Nullpoet
Nullpoet

Reputation: 11259

In Python ElementTree how can I get list of all ancestors of an element in tree?

I need "get_ancestors_recursively" function.
A sample run can be

>>> dump(tr)
<anc1>
  <anc2>
    <element> </element>
  </anc2>
</anc1>
>>> input_element = tr.getiterator("element")[0]
>>> get_ancestors_recursively(input_element)
['anc1', 'anc2']

Can somebody help me with this ?

Upvotes: 4

Views: 4322

Answers (4)

Arnold Daniels
Arnold Daniels

Reputation: 16573

You can use a tree traversal algorithm. This does the task in linear time.

def xml_get_ancestors(element: Element, root: Element):
    ancestors = []

    for node in root.iter():
        if node == element:
            return ancestors

        while len(ancestors) > 0 and node not in ancestors[-1]:
            ancestors.pop()
        
        ancestors.append(node)
    
    return None

Upvotes: 0

fantadisco
fantadisco

Reputation: 21

Found this little gem from lots of googling (http://elmpowered.skawaii.net/?p=74)

parent = root.findall(".//{0}/..".format(elem.tag))

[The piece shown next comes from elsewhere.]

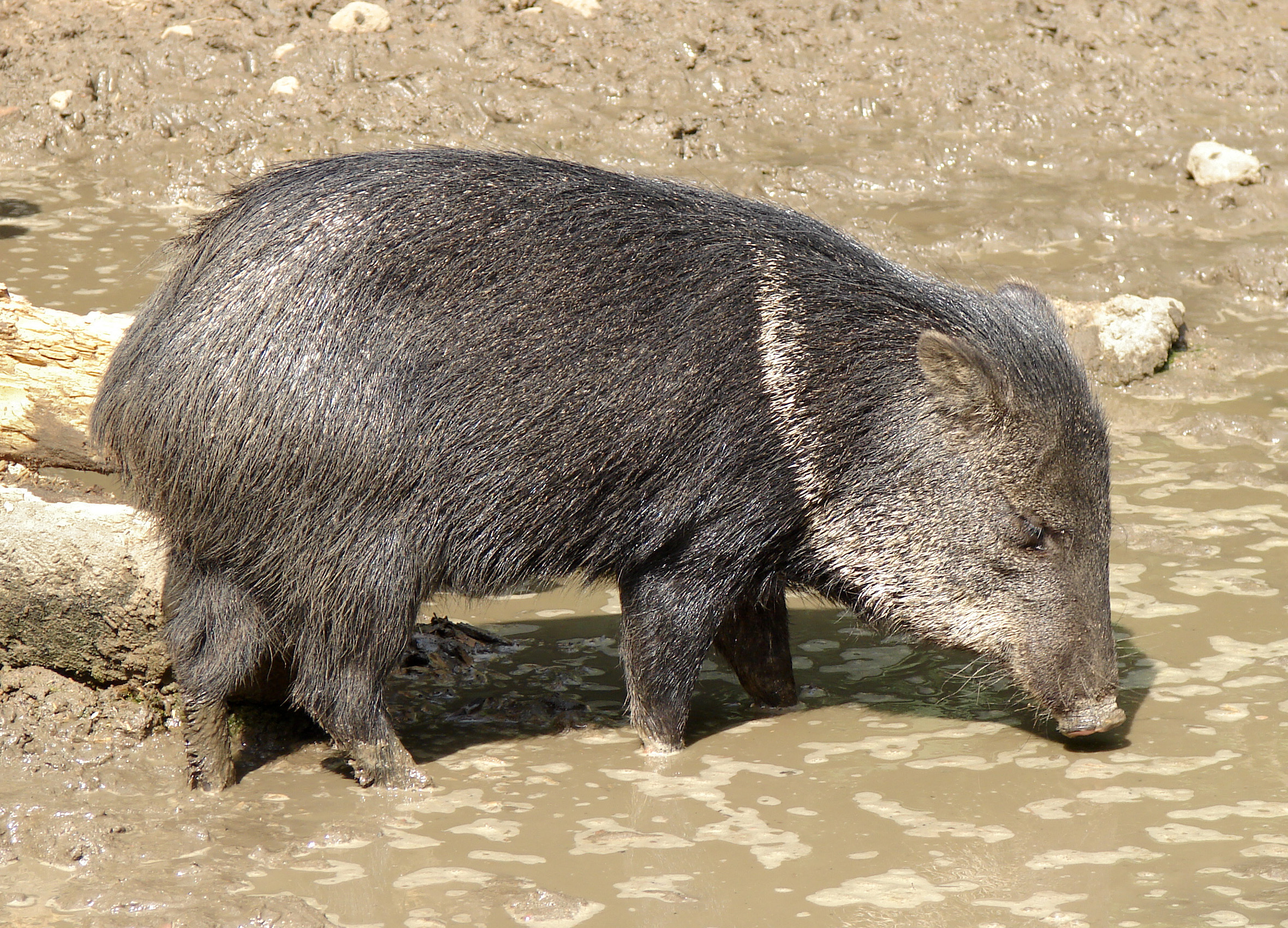 Collared Peccary
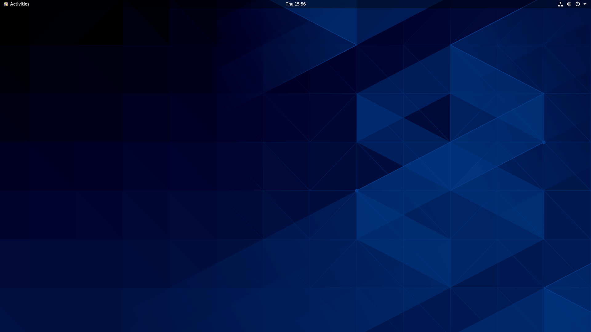 Screenshot of CentOS 8.0 1905 with GNOME 3.28.2

root here is your root node of the tree. elem is the actual element object you get from iterating.

This does require you to know the root, which may mean changing how you set up for XML parsing, but it's minor at best.

Upvotes: 0

nearlymonolith
nearlymonolith

Reputation: 946

Another option is LXML, which provides useful extensions to the built in ElementTree api. If you're willing to install an external module, it has a nice Element.getparent() function that you could simply call recursively until reaching ElementTree.getroot(). This will probably be the fastest and most elegant solution (as the lxml.etree module introduces pointer attributes for the Elements that point to their parents, so instead of searching the entire tree for the proper parent/child pairs).

Upvotes: 3

Owen S.
Owen S.

Reputation: 7855

In the latest version of ElementTree (v1.3 or later), you can simply do

input_element.find('..')

recursively. However, the ElementTree that ships with Python doesn't have this functionality, and I don't see anything in the Element class that looks upwards.

I believe this means you have to do it the hard way: via an exhaustive search of the element tree.

def get_ancestors_recursively(e, b):
    "Finds ancestors of b in the element tree e."
    return _get_ancestors_recursively(e.getroot(), b, [])

def _get_ancestors_recursively(s, b, acc):
    "Recursive variant. acc is the built-up list of ancestors so far."
    if s == b:
        return acc
    else:
        for child in s.getchildren():
            newacc = acc[:]
            newacc.append(s)
            res = _get_ancestors_recursively(child, b, newacc)
            if res is not None:
                return res
        return None

This is slow because of the DFS, and cranks out a lot of lists for garbage collection, but if you can deal with that it should be fine.